An object is dropped from a tower, 1600 ft above the ground. The object's height above ground \( x \) seconds after the fall is \( s(x)=1600-16 \mathrm{x}^{2} \). About how long does it take the object to hit the ground? What is the object's velocity at the moment of impact? It takes \( \square \) sec for the object to hit the ground. (Round to the nearest tenth as needed.)
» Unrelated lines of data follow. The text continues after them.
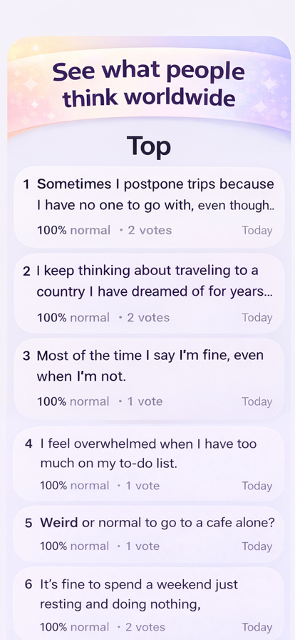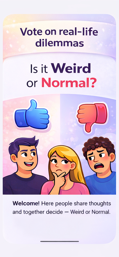 怪异还是正常”是一款社交应用,用户可以在这里分享问题、表达观点,并了解他人的想法。 提出你自己的问题,浏览其他用户的帖子,并参与简单快捷的投票。发表评论,观察观点随时间的变化,看看你的观点是否与大多数人一致,或者是否与众不同。 这款应用旨在促进轻松互动和深入讨论。无论你是好奇、喜欢思考,还是只是想探索一些有趣的事物,“怪异还是正常”都能让你了解不同的人如何看待日常情境、想法和选择。 主要功能: • 创建并分享你自己的问题 • 为你认为怪异或正常的事情投票 • 阅读和撰写评论 • 查看社区结果和评分 • 了解不同用户观点的差异 “怪异还是正常”旨在以简单有趣的方式促进对话、激发好奇心并理解不同的视角。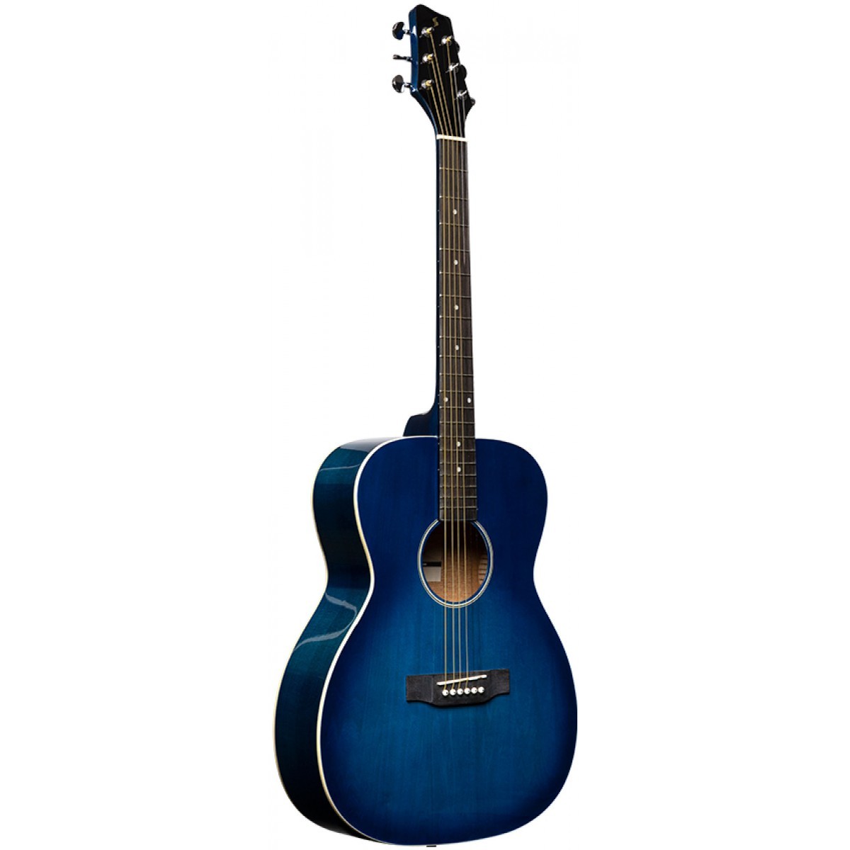 Akustická kytara typu Auditorium. Vrchní deska lípa, spodní deska, luby a krk catalpa, hmatník a kobylka syntetické dřevo, tělo lemováno bílou výložkou, mechanika die-cast niklovaná. Barva modrá lesklá.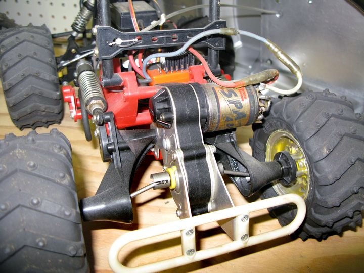 Back then there was only one monster truck kit and it was from Tamaya. But being a Kyosho racer I took an old turbo optima chassis and pimped it out. Motor was courtesy of Makita from an industrial screw gun and provided plenty of torque. Initially used a Futaba ESC but these weren't very reliable so swapped in a Novak 4.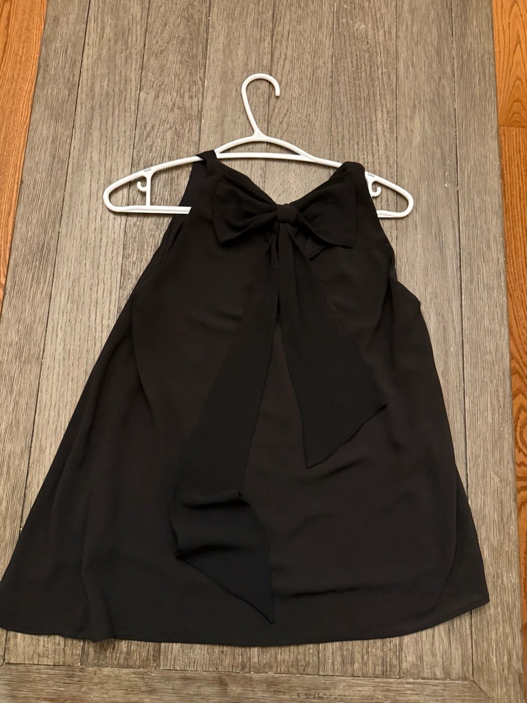 Selling a cute black sleeveless top with a bow detail at the back. It's in great condition and perfect for dressing up or down!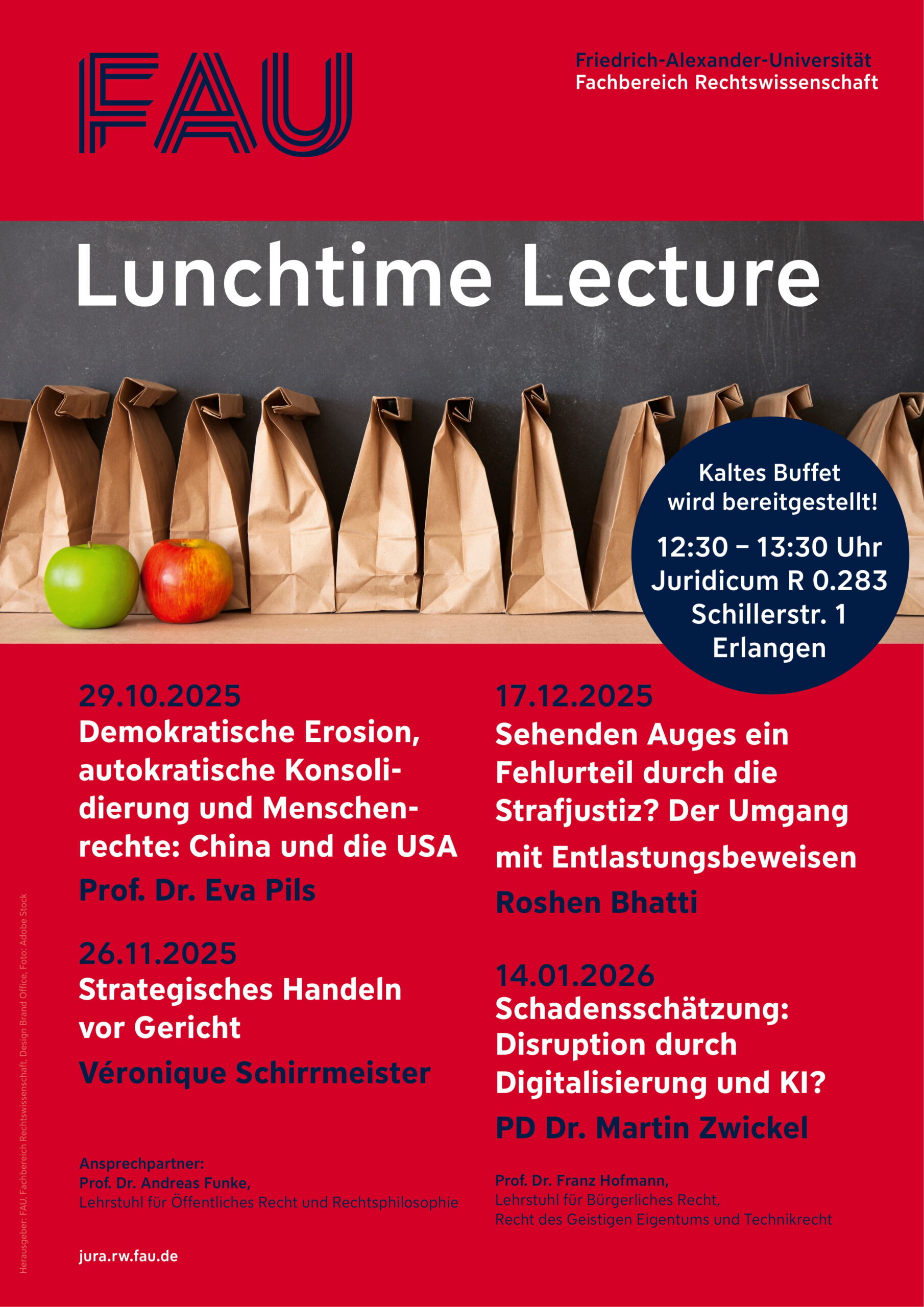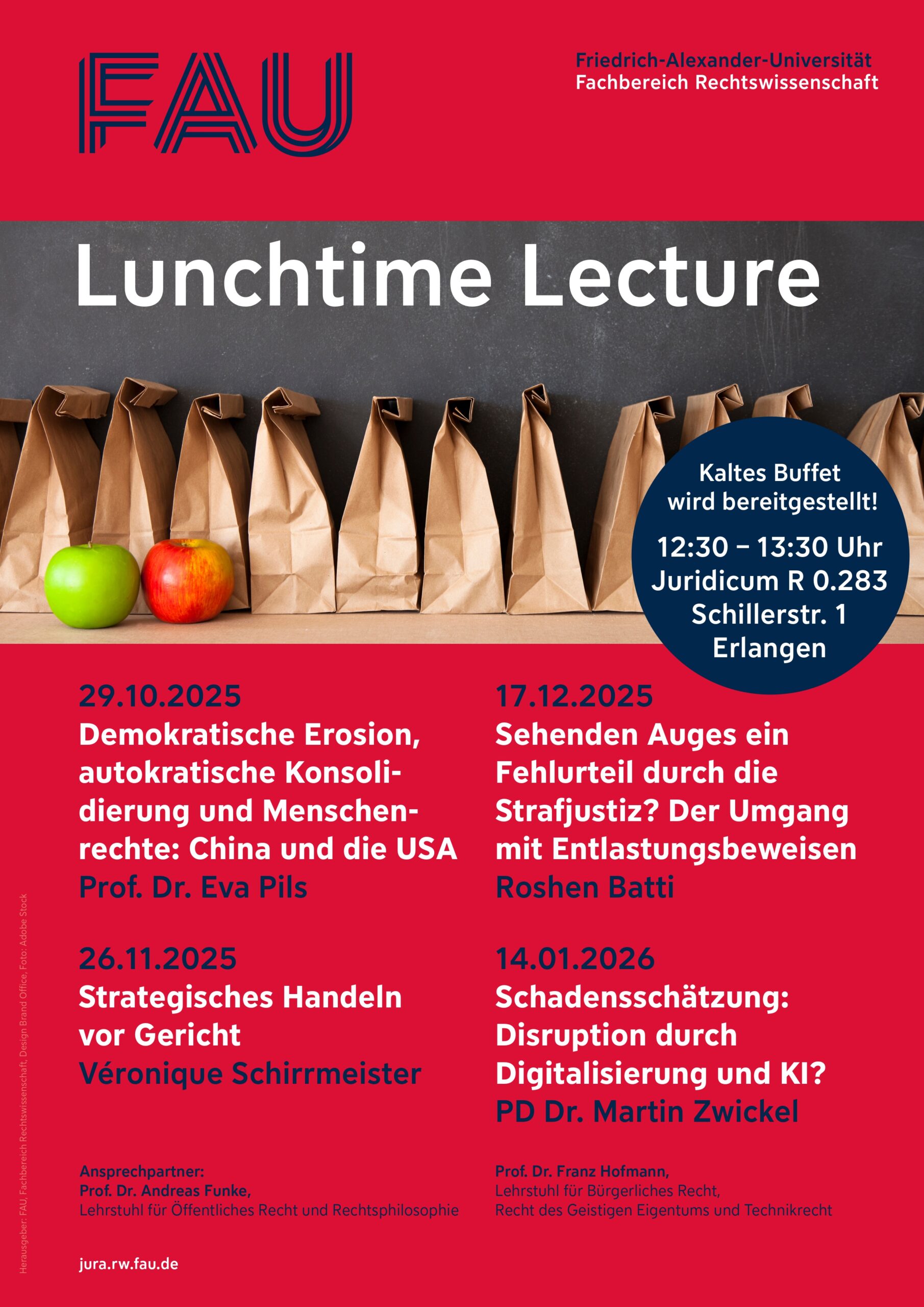 Auch in diesem Semester lädt der Fachbereich Rechtswissenschaften zu der Veranstaltungsreihe „Lunchtime Lecture“ ein. In entspannter Atmosphäre stellen die Mitglieder des Fachbereichs (Professor/-innen und Mitarbeiter/-innen) während der Mittagspause ausgewählte Themen und Fragen aus ihrer aktuellen Forschung vor. Die Veranstaltungsreihe soll ein Forum für den fachbereichsinternen Austausch bieten, bei dem neue Forschungsstände und Anregungen hierzu geteilt werden.

To solve the problem, we'll address both parts step by step. ### 1. Time to Hit the Ground **Given:** - Height function: \( s(x) = 1600 - 16x^2 \) - \( s(x) \) represents the height above the ground in feet. - \( x \) is the time in seconds. **To find:** The time \( x \) when the object hits the ground (\( s(x) = 0 \)). **Calculation:** \[ 1600 - 16x^2 = 0 \\ 16x^2 = 1600 \\ x^2 = \frac{1600}{16} \\ x^2 = 100 \\ x = \sqrt{100} \\ x = 10 \, \text{seconds} \] **Rounded to the nearest tenth:** \[ x = 10.0 \, \text{seconds} \] ### 2. Velocity at the Moment of Impact **Given:** - Height function: \( s(x) = 1600 - 16x^2 \) **To find:** The velocity \( v(x) \) at the moment of impact. **Calculation:** Velocity is the derivative of the position function with respect to time: \[ v(x) = \frac{ds}{dx} = \frac{d}{dx}(1600 - 16x^2) = -32x \] At \( x = 10 \) seconds (moment of impact): \[ v(10) = -32 \times 10 = -320 \, \text{ft/sec} \] **Interpretation:** - The negative sign indicates the direction of the velocity is downward. ### **Final Answer:** - **Time to hit the ground:** It takes **10.0 seconds** for the object to hit the ground. - **Velocity at impact:** The object's velocity at the moment of impact is **-320 ft/sec**.